More From: Curious Food
Posted February 19th, 2009 by Michael Kane | 1 Comment

In our second contribution to the Look and Taste wine blog this week, we took a step back from our five wine tips to enhance your dining forever to assess the fundamental taste components of both food and wine.

Classic teachings describe four basic taste sensations:

  1. Sweetness: Generally the first thing you taste as there are sweetness receptors on the tip of your tongue. Sweetness balances acidity in food and wine.
  2. Sourness: The taste that detects acidity, hence the balance to sweetness. Acidity provides refreshment or crispness, and causes the mouth-watering sensation you’ll get from citrus fruit and many white wines.
  3. Saltiness: A vital component as a flavour enhancer in food and, although rarely detectable in wine, an important influence in complimenting the two.
  4. Bitterness: Often unpleasant if unbalanced – think of bitter coffee, unripe olives or raw broccoli – but rarely attributed to wine. Related and often confused with bitterness is astringency, defined as dryness or roughness, and attributed to tannins in wine.

How these different senses interact is vital to how we experience and enjoy, or dislike, food. So, food that is too sweet or too bitter will taste overpowering and unpleasant, whereas food that triggers multiple senses in harmony will be balanced and more interesting.

This to me is the essence of how wine can accentuate food, and vice versa.

I commented last week that barring disastrous pairings, most wines won’t spoil most meals. However, get a wine-match right and you can experience true gastronomic heaven.

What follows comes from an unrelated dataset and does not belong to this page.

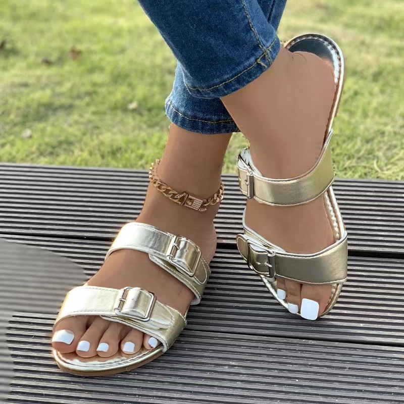 겉옷 슬리퍼 여성용 국경 플러스 사이즈 2025 년 여름 새 샌들 벨트 버클 캐주얼 비치 플랫 샌들
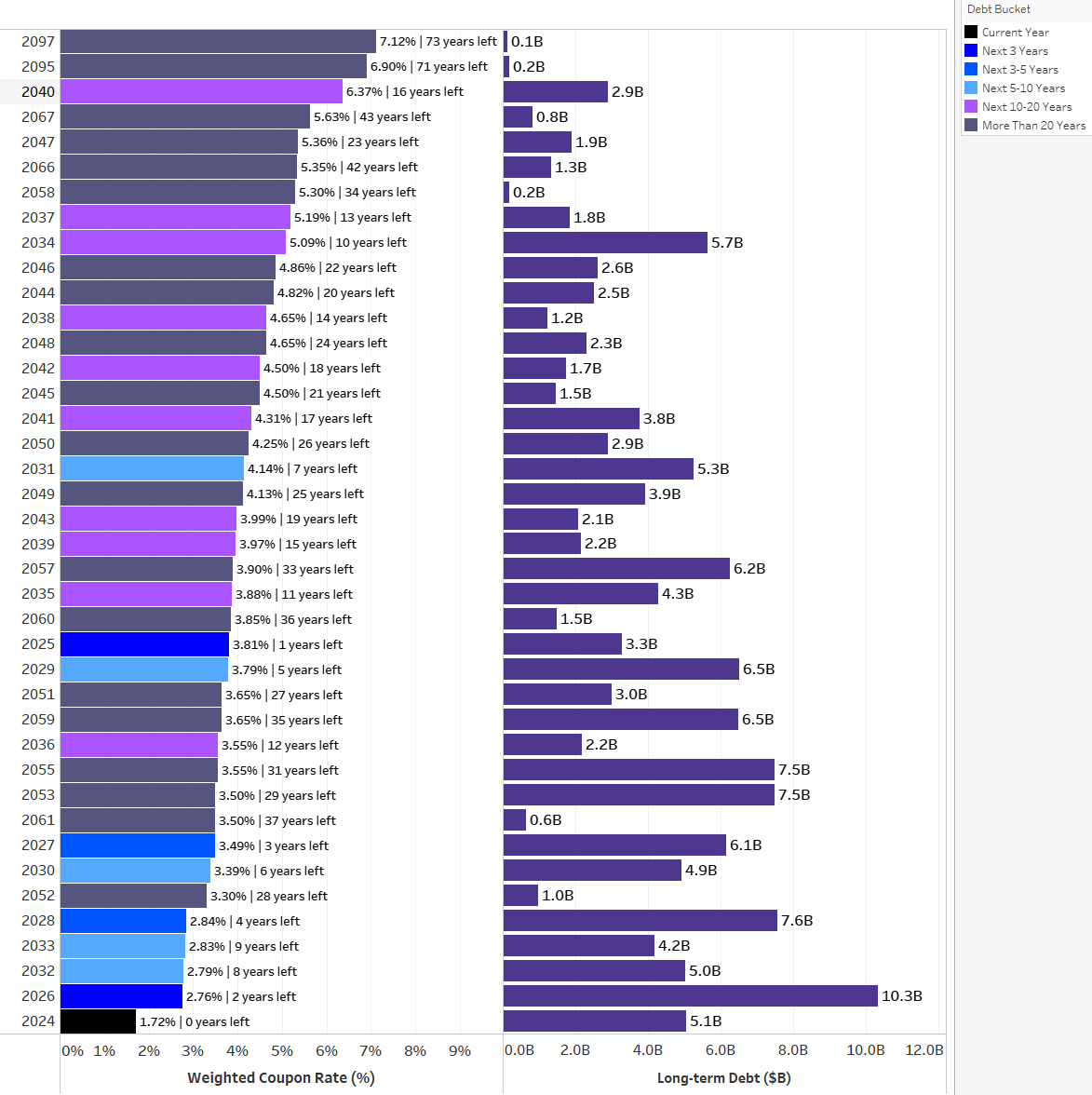 Looking ahead, 14% of the debt is set to mature within 5-10 years, while an additional 15% falls due within 10-20 years. This totals to 61% of the total debt due within the next 20 years. Notably, a significant portion of outstanding debt extends from 2044 to 2097, a period so distant that its implications are uncertain. Given the potential for transformative technological advancements driven by AI in the coming decades, predicting the landscape of companies and their roles becomes exponentially uncertain and futile.

I noted with interest how, in the last week, Lar Veale of Sourgrapes.ie and Frank O’Brien of Robertfranciswine.ie took different attributes from similarly styled Rieslings to increase the enjoyment markedly different foods. Lar described the cutting acidity of New Zealand Riesling being “perfect for slicing right through the creaminess of goat’s cheese”, whereas Frank matched the delicate fruit of Australian Riesling with fish skewers.

As one of the truly great food wines - one that can compliment and accentuate all of the taste senses - there’s more to come on the greatest white grape of them all from this fan.